Today, Goldman surpasses even energy giants ExxonMobil (NYSE: XOM) and Chevron (NYSE: CVX) in natural gas marketing.
In 2015, the company bought and sold 1.2 trillion cubic feet of natural gas, double what it sold just two years ago. That figure is the equivalent of a quarter of the country’s residential gas consumption.
Breaking the number down further, Goldman’s gas volumes rose 71% from 2011 levels to 5.8 billion cubic feet per day in 2015. That figure, from Natural Gas Intelligence, placed the investment bank seventh on the list of U.S. natural gas traders.

Goldman Sachs, Gas and Mexico

This move into the physical trading of natural gas looks to be a smart move for Goldman Sachs.
First, it can be very lucrative. Think the “Polar Vortex” in 2014.
I believe natural gas prices may have bottomed here too in the $2.00 per million BTU range. Goldman itself projects natural gas prices may rise to $2.85 per million BTU this year.
Famed hedge fund manager David Einhorn of Greenlight Capital also foresees higher natural gas prices over the next few years roughly in the same price range as Goldman. Einhorn points to the lack of drilling at these low gas prices. Natural gas prices have been in a steep decline since early 2014.
Goldman is also taking advantage of the boom in U.S. natural gas exports to Mexico. It supplies the plants powering the mines owned by mining powerhouse Grupo Mexico (OTC: GMBXF) in Sonora. Last year, Goldman exported 22 billion cubic feet of gas for use by Grupo Mexico.
I look for Goldman to find lots of other customers in Mexico for its gas. Here’s why:
In 2015, Mexico imported 2.9 billion cubic feet of natural gas per day. Natural gas now accounts for 60% of Mexico’s electricity generation, according to Goldman. That should climb in the years ahead. According to IHS Energy, Mexican natural gas imports from the U.S. will rise to 4.4 billion cubic feet per day by 2020.

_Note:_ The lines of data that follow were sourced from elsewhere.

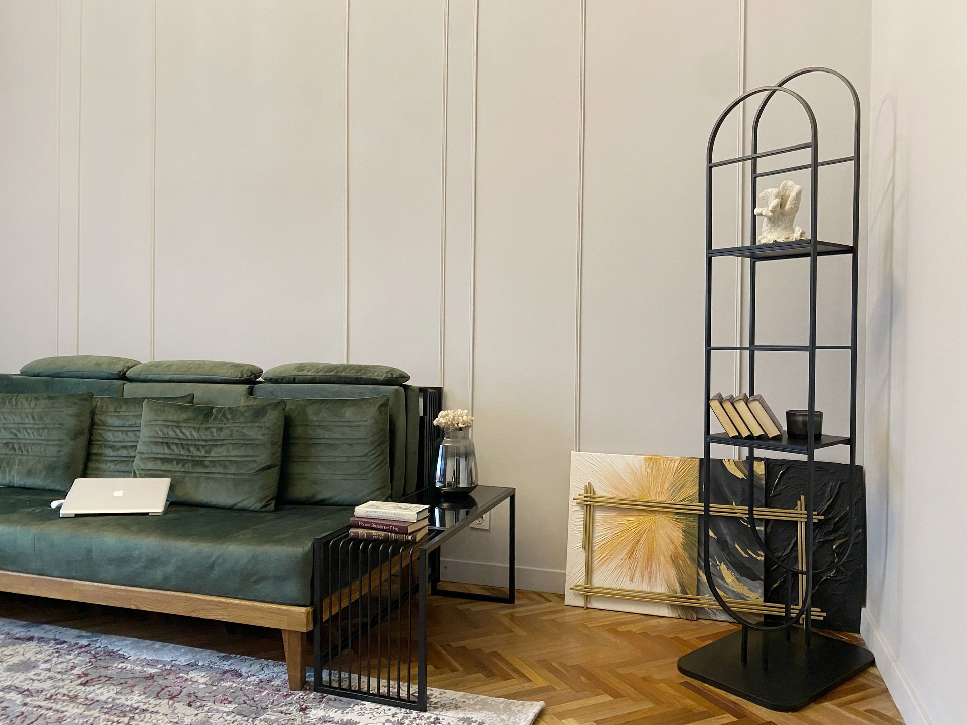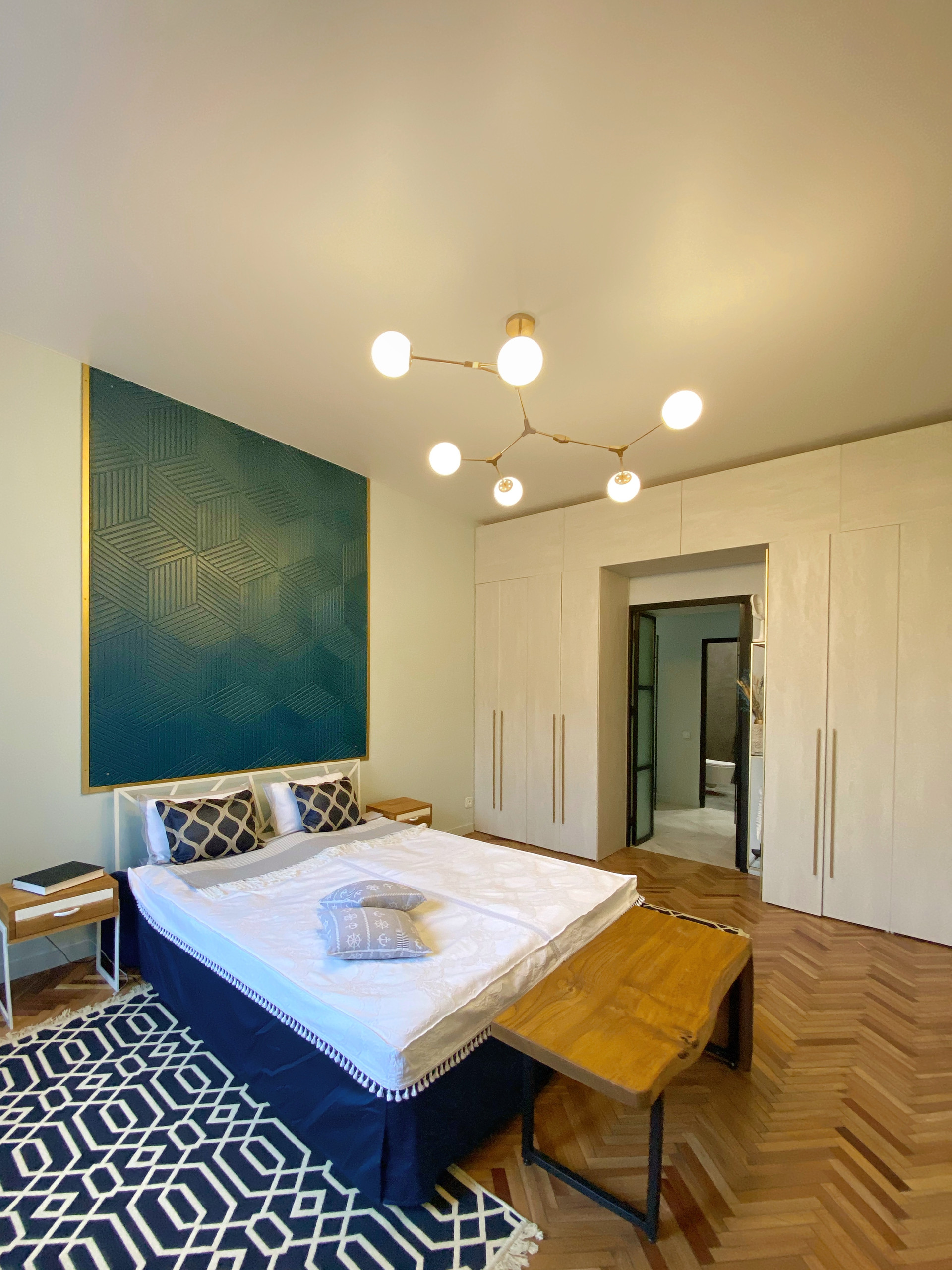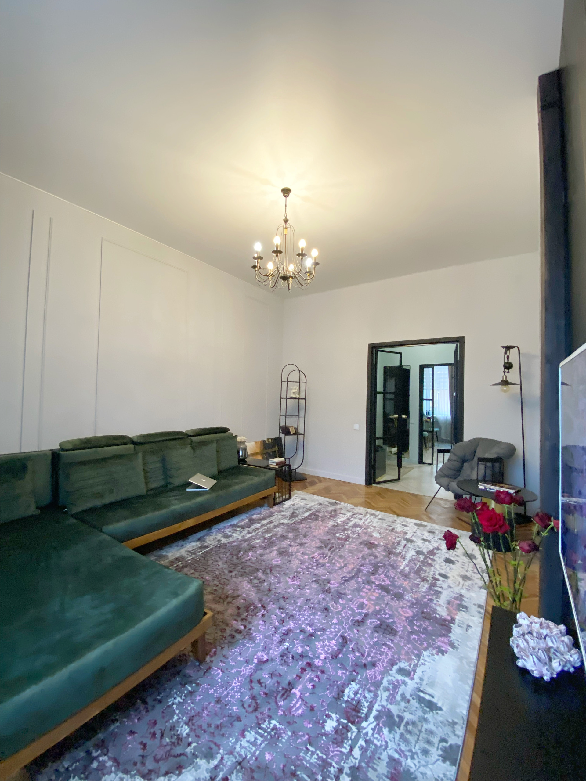 Прекрасный дизайнерский ремонт квартиры. Вся мебель была изготовлена на заказ. Металлические стеклянные межкомнатные двери.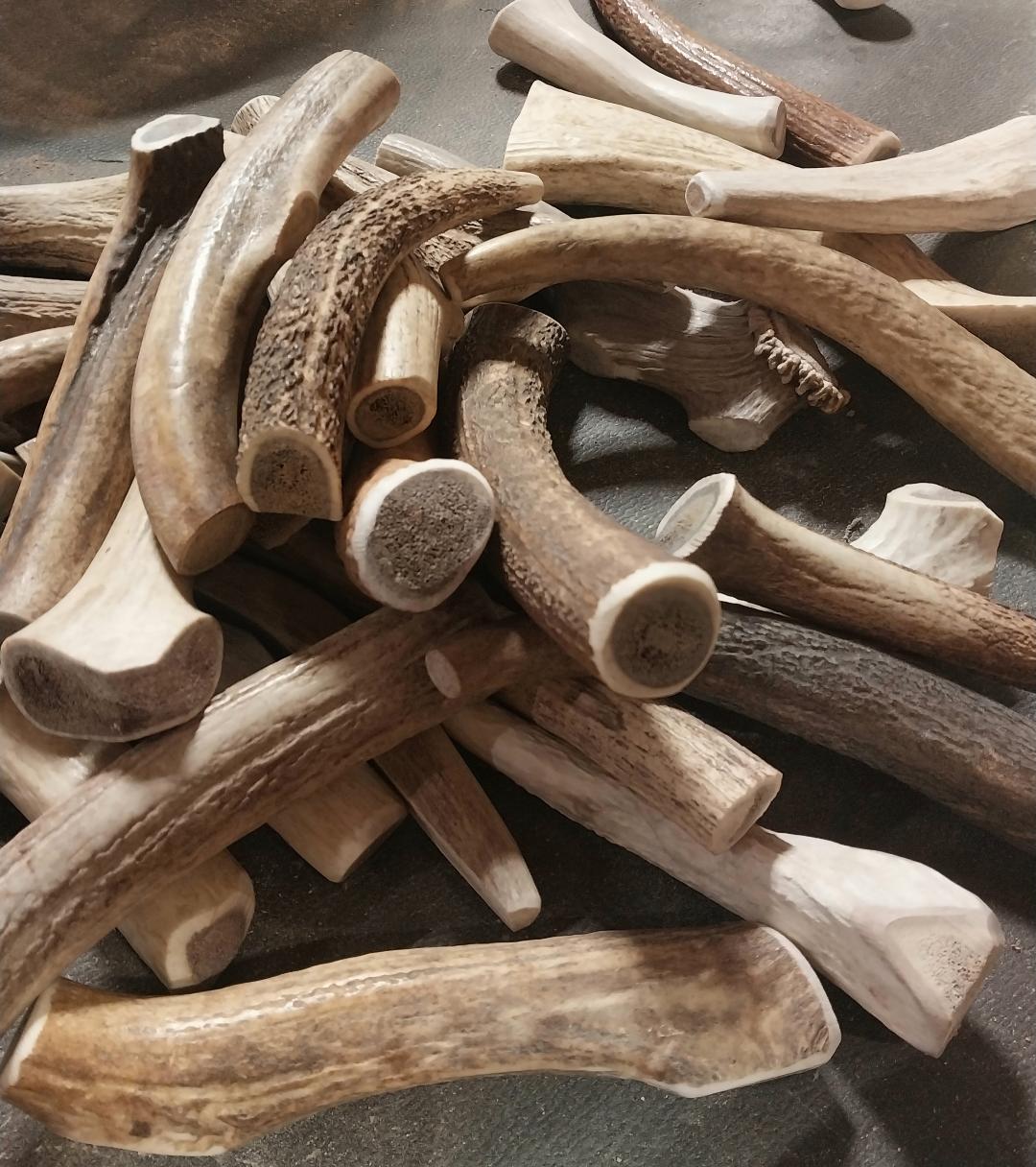 This box consists of smalls, medium, larges and extra larges in a NICE assortment of inner DARK cores. Wholes, splits, deep crowns and chunk chews that are ALL appropriate… no waste sent to fill box. All chewable. Please note, dark inner core can have a slight odor.. although we don’t care for it… the dogs love it…. Because of the possible odor and darker core, please use this outdoors on a mat indoors. The darker core can be messy, but yummy… trade off…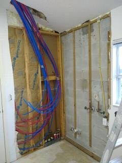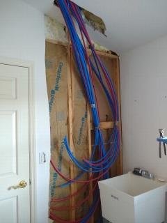 The advantage to this system is that each line can be individually controlled. If I wish to repair or replace a fixture, none of the other fixtures are impacted. I can even go as far as shutting off just the hot line to a faucet, while keeping the cold line charged. I decided that if I was going to go as far as re-piping my house, I might as well get as much control over it as I can. More importantly, though, since this renovation is going to take a while, I want to be able to incrementally bring fixtures online as they are added.

Other Factors in the Scenario

There are other reasons behind Goldman’s big move into gas trading.
Dealing in physical commodities is exempt from the Volcker rule. That rule bans proprietary trading by the big Wall Street banks. However, the Federal Reserve and other regulators are considering implementing new rules for banks involved with the handling of physical commodities.
And Goldman gets into a business that is not correlated to the ups and downs of Wall Street. Natural gas prices will move up and down based on weather and the supply/demand for that market alone. Nat gas doesn’t care what stocks do.
So I fully expect Goldman Sachs to even further expand its reach in natural gas.
To that end, Goldman recently hired Jeremy Taylor. He comes from the Swiss commodity merchant Mercuria Energy Trading. Taylor was the head of Mercuria’s North American natural gas and power trading division.
Natural gas trading may turn out to be one of Goldman Sachs’ very best businesses. Unless regulators change the rules of the game.